Reproduce the full listing as it stands. Images do not belong in the copy.

*****

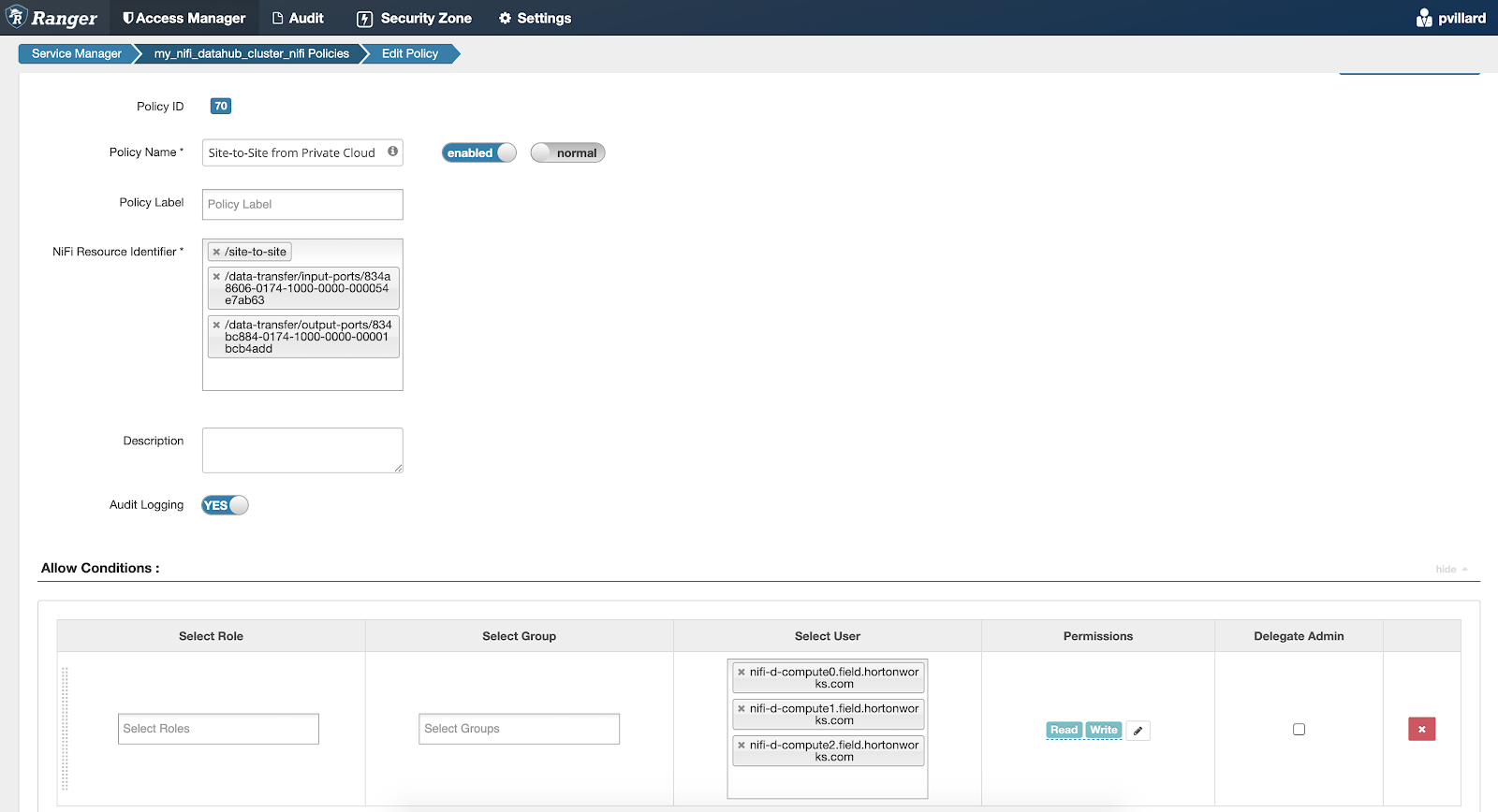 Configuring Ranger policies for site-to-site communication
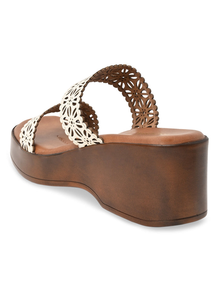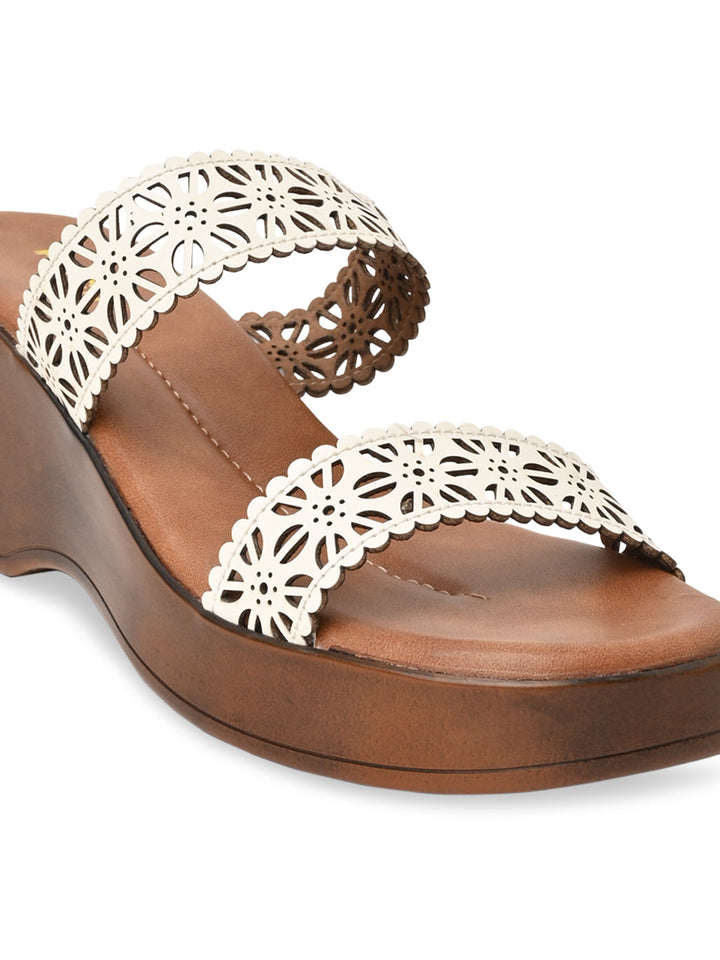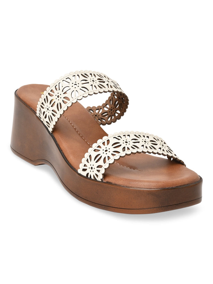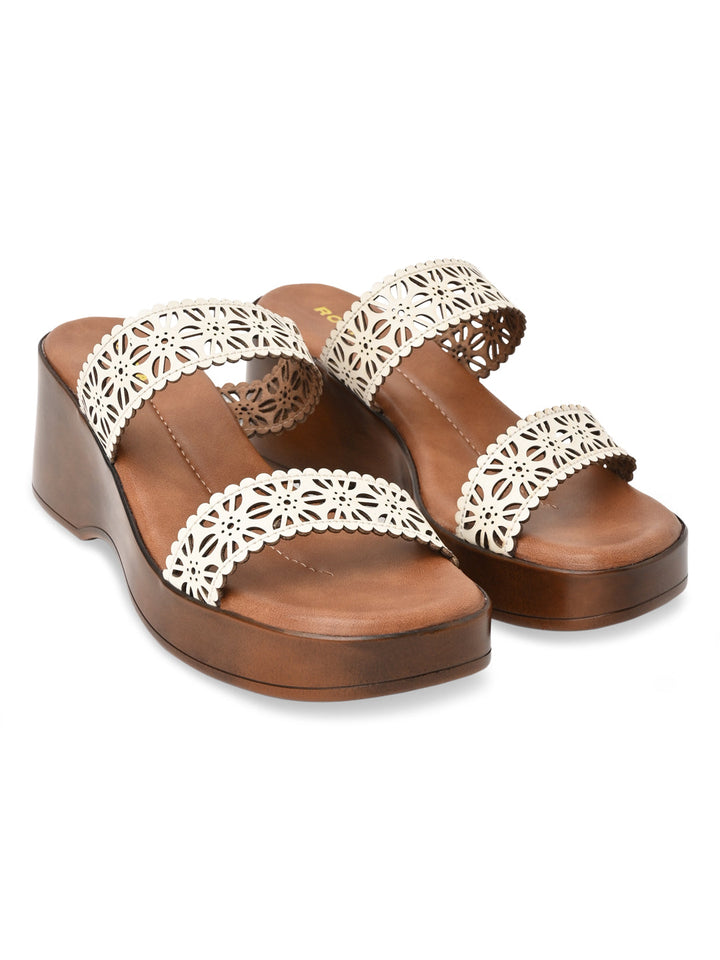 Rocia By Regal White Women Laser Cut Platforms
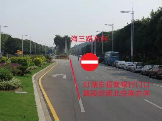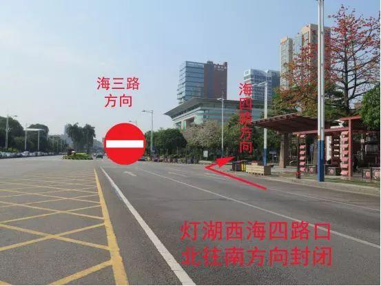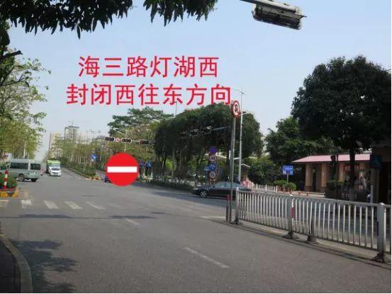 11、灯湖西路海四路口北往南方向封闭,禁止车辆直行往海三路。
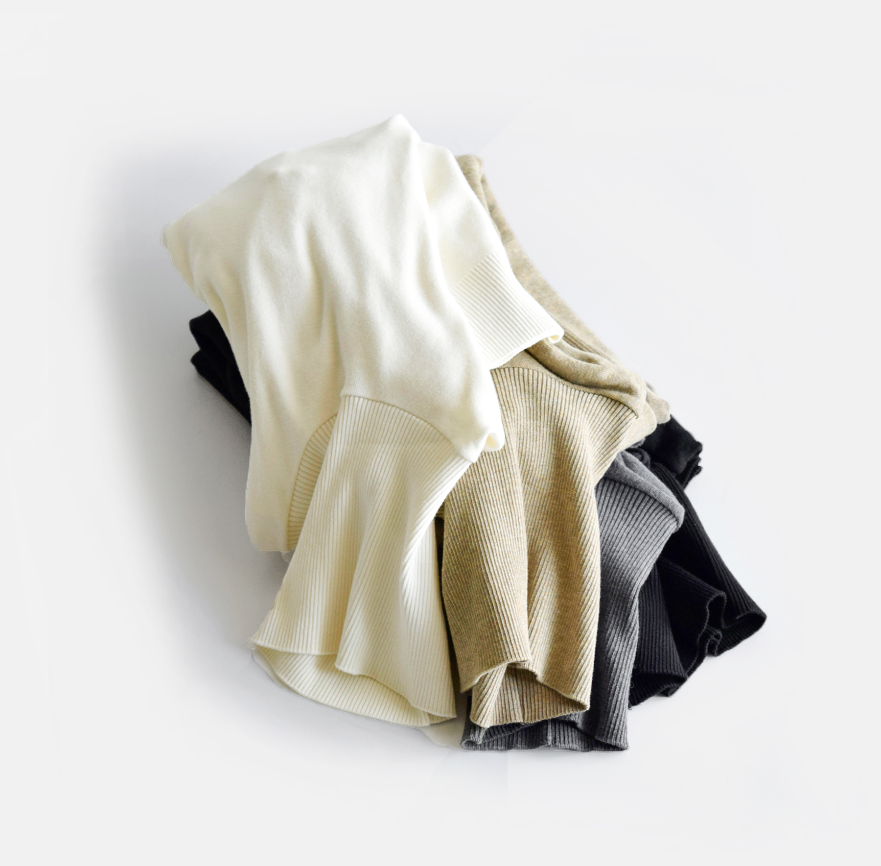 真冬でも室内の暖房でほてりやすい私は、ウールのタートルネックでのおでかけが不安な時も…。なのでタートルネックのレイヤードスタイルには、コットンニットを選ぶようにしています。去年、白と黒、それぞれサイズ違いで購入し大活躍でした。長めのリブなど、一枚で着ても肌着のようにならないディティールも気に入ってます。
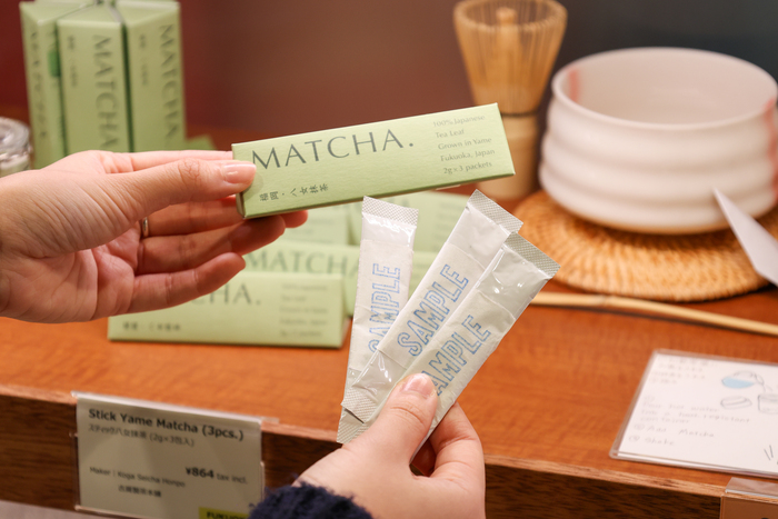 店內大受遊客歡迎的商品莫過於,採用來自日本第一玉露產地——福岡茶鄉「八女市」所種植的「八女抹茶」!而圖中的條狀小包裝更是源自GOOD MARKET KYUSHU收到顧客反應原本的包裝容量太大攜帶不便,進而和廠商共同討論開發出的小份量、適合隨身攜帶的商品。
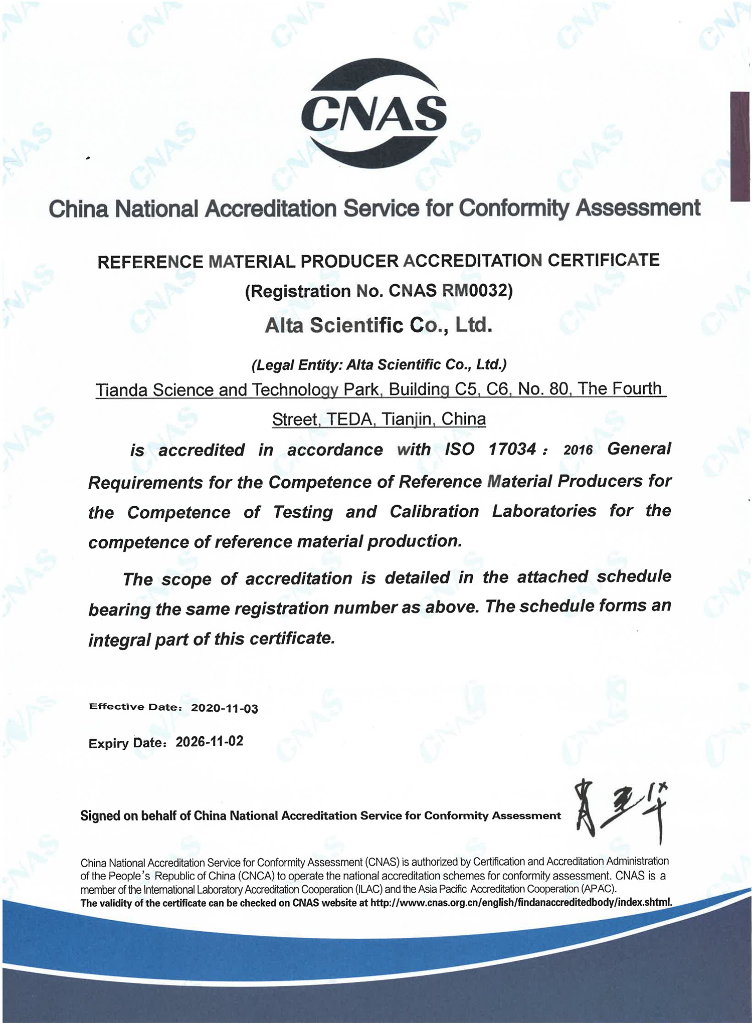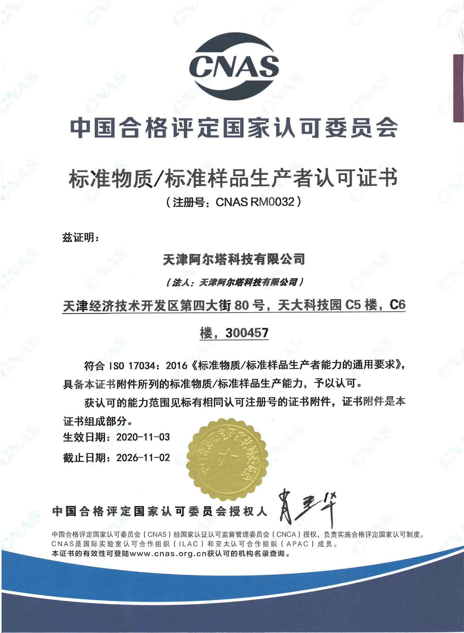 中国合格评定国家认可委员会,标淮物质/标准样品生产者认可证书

*****

[RESPONSE FOR THIS EXERCISE]
 Configuring Ranger policies for site-to-site communication
 Rocia By Regal White Women Laser Cut Platforms
 11、灯湖西路海四路口北往南方向封闭,禁止车辆直行往海三路。
 真冬でも室内の暖房でほてりやすい私は、ウールのタートルネックでのおでかけが不安な時も…。なのでタートルネックのレイヤードスタイルには、コットンニットを選ぶようにしています。去年、白と黒、それぞれサイズ違いで購入し大活躍でした。長めのリブなど、一枚で着ても肌着のようにならないディティールも気に入ってます。
 店內大受遊客歡迎的商品莫過於,採用來自日本第一玉露產地——福岡茶鄉「八女市」所種植的「八女抹茶」!而圖中的條狀小包裝更是源自GOOD MARKET KYUSHU收到顧客反應原本的包裝容量太大攜帶不便,進而和廠商共同討論開發出的小份量、適合隨身攜帶的商品。
 中国合格评定国家认可委员会,标淮物质/标准样品生产者认可证书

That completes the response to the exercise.